Letters: Unilever’s palm oil purchases

Thu, 01/07/2010 10:20 AM | Reader's Forum The Jakarta Post

In response to The Jakarta Post’s editorial (Dec. 21) on Unilever’s decision to suspend purchases of palm oil from the Sinar Mas Group, it is difficult to understand why Unilever, which chairs the Roundtable on Sustainable Palm Oil (RSPO), does not actively promote certified palm oil.

The certification requires palm oil producers to apply strict principles on environment responsibility, conservation of natural resources and biodiversity in their operations.

Sinar Mas, as the largest palm oil producer in Indonesia, has long been accused of illegal deforestation. The fact that none of its plantations are certified proves the certification process is stringent and not just a formality.

Unilever claims to be “committed to the highest sustainability and environmental practices”.

However, it only achieved 15 percent certified palm oil for 2009 and commit 100 percent only by 2015.

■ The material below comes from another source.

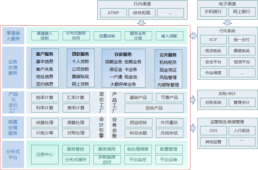 整体功能定位以客户为中心,通过参数工厂、产品工厂、定价工厂等进行组装为客户提供存款、贷款、借记卡、同业、内部账等业务的金融产品及服务,围绕账户可对外提供支付结算、中间业务、国际结算等方面的服务支持。同时,核心业务系统还提供了银行的公共管理方面的功能,包含运营管理(机构、柜员、现金、凭证等)、风险管理(黑名单、交易限额、授权等)。最后系统通过会计引擎实现交易与核算分离,可以实现准实时价税分离,实现产品多维度总账管理功能,基于业务总账实现汇兑损益重估、准备金计提、外币重估、年终结转等围绕总账的业务功能处理,能够实现全行级会计引擎,实现全行账务接入、账务平衡、总分平衡等账务一致性检查处理。

Unilever definitely can be more ambitious, as there is still 1 million tons of certified palm oil unsold.

Unilever didn’t explain why literally none of the certified palm oil it purchases is used in its Indonesian factories. Indonesia is now the eighth most important consumer market for Unilever worldwide.

It does not help that Indonesia is the largest palm oil producer in the world. Commercial reasons are often used to explain why very little certified palm oil is purchased. This argument does not really hold water.

Despite the world financial crisis, Unilever Indonesia’s net profit increased by 9.2 percent and 15.5 percent in first half and third quarter of 2009 respectively.

It may give the wrong impression that Unilever only wants to appease European NGOs and is not really concerned about the environment.